**Your task:** Begin with the line below holding "拡大する過去のダーマ周辺にあ" and go on through the line holding "Carson MM-640 является", duplicating each line exactly and leaving out pictures.

*** Opening Given records ***

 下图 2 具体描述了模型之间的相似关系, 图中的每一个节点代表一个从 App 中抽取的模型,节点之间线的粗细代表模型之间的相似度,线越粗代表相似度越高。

*** Closing Given records ***
*** Opening Given records ***

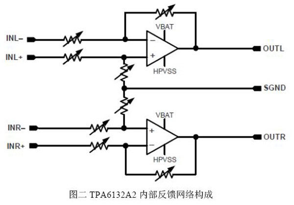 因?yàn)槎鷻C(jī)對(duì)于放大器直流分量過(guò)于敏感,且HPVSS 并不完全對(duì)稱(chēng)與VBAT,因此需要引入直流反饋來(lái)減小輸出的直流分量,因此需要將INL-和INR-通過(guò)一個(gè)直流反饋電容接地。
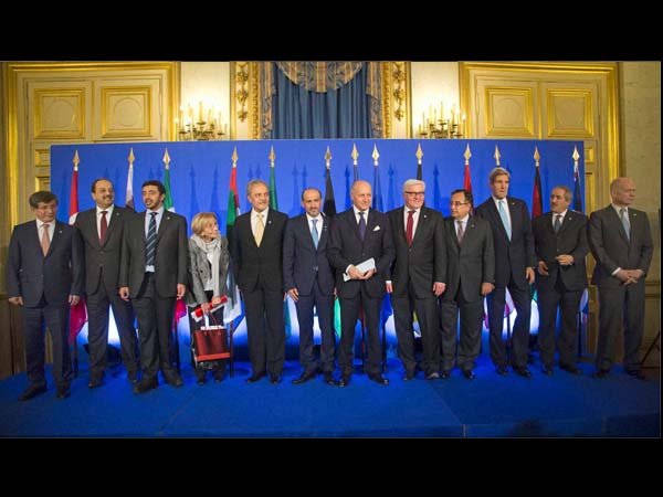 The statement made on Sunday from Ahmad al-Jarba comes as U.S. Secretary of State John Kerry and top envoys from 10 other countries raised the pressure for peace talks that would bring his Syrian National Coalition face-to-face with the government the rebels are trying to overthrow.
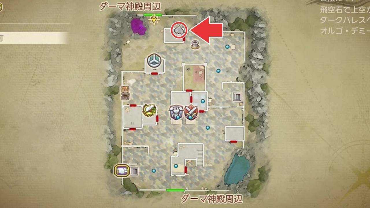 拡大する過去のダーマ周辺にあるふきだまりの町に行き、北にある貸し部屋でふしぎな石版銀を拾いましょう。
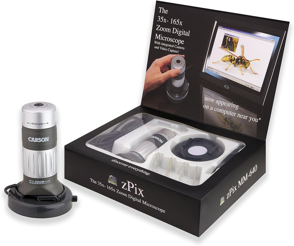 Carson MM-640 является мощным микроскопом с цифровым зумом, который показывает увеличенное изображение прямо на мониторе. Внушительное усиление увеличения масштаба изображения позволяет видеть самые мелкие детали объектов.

*** Closing Given records ***
*** Opening Given records ***

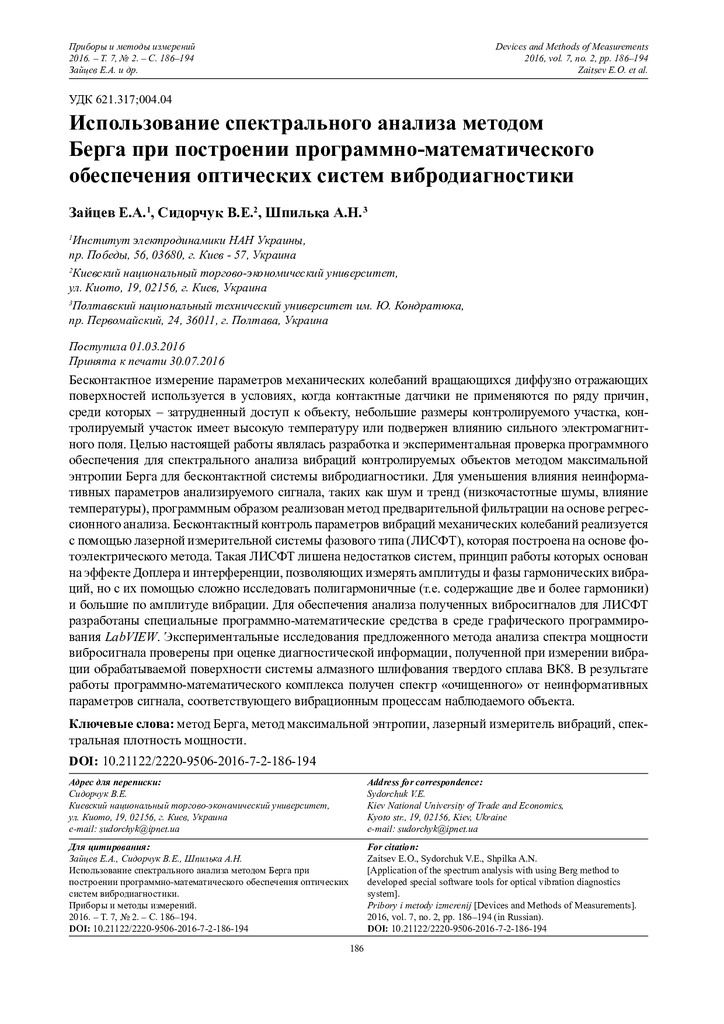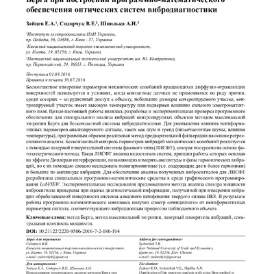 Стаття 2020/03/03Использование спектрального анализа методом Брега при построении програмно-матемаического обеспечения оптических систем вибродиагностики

*** Closing Given records ***

**Answer box:**
 拡大する過去のダーマ周辺にあるふきだまりの町に行き、北にある貸し部屋でふしぎな石版銀を拾いましょう。
 Carson MM-640 является мощным микроскопом с цифровым зумом, который показывает увеличенное изображение прямо на мониторе. Внушительное усиление увеличения масштаба изображения позволяет видеть самые мелкие детали объектов.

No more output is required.